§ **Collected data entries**
===============
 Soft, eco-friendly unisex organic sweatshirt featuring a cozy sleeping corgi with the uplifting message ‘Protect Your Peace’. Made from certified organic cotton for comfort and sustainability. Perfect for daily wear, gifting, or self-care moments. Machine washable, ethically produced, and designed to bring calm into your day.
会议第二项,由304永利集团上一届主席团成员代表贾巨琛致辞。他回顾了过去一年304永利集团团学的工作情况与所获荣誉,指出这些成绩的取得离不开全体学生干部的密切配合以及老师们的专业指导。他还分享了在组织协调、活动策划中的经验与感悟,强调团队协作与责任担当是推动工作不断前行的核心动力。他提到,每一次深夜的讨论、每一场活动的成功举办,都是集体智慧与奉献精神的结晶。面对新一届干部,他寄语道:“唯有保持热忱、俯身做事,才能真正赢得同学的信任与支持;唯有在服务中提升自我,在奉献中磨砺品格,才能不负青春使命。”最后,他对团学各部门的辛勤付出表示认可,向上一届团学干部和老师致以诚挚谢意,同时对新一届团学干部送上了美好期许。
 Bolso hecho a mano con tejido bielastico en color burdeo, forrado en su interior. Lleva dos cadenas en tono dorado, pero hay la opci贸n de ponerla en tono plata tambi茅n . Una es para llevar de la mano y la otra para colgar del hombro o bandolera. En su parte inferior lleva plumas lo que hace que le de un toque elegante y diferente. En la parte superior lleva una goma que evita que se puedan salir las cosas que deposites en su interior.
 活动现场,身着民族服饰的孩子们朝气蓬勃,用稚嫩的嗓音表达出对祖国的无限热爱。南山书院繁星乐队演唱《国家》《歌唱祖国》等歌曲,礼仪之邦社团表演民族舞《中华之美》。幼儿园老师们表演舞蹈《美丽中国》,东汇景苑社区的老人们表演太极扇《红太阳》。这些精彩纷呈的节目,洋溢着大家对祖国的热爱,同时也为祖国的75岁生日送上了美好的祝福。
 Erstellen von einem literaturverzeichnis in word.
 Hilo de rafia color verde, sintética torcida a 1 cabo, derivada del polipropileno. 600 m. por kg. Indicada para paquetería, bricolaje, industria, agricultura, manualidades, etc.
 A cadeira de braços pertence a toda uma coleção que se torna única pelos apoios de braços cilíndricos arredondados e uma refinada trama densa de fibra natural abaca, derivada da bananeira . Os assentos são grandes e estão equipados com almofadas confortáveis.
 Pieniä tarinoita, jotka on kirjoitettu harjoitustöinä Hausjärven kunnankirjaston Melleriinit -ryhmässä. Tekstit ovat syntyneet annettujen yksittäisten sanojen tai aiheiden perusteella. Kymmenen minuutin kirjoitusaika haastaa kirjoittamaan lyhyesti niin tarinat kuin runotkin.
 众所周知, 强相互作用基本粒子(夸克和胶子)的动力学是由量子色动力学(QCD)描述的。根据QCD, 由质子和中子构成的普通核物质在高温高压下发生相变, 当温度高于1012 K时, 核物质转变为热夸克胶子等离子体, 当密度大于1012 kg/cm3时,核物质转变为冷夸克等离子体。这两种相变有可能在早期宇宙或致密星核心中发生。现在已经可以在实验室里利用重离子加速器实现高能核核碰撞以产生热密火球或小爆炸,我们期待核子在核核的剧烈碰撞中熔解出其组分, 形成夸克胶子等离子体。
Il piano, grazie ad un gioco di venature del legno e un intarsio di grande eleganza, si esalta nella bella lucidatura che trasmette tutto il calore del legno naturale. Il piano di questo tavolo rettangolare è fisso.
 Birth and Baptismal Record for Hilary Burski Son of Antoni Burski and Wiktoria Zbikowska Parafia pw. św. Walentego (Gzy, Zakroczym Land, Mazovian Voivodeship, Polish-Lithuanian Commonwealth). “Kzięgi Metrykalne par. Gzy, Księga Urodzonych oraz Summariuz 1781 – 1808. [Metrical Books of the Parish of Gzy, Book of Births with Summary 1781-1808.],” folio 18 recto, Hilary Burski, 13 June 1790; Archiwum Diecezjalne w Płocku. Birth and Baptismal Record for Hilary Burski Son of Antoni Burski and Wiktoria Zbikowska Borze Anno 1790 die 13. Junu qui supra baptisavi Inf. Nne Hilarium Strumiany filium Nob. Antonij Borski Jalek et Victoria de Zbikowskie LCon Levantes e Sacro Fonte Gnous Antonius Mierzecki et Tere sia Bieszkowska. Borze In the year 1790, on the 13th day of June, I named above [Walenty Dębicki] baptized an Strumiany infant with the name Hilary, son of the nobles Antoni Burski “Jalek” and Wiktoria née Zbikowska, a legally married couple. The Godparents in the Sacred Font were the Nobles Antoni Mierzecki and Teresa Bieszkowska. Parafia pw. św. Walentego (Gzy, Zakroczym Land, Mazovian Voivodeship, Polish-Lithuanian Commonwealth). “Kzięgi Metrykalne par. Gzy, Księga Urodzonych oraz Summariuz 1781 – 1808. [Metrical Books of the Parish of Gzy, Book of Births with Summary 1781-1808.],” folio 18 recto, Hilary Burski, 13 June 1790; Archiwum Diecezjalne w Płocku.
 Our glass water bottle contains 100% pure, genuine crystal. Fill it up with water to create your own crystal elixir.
===============
§ **What you will do**
Your answer should be a single number: the count of lines above that contain the word "color".

§ **Written solution**
2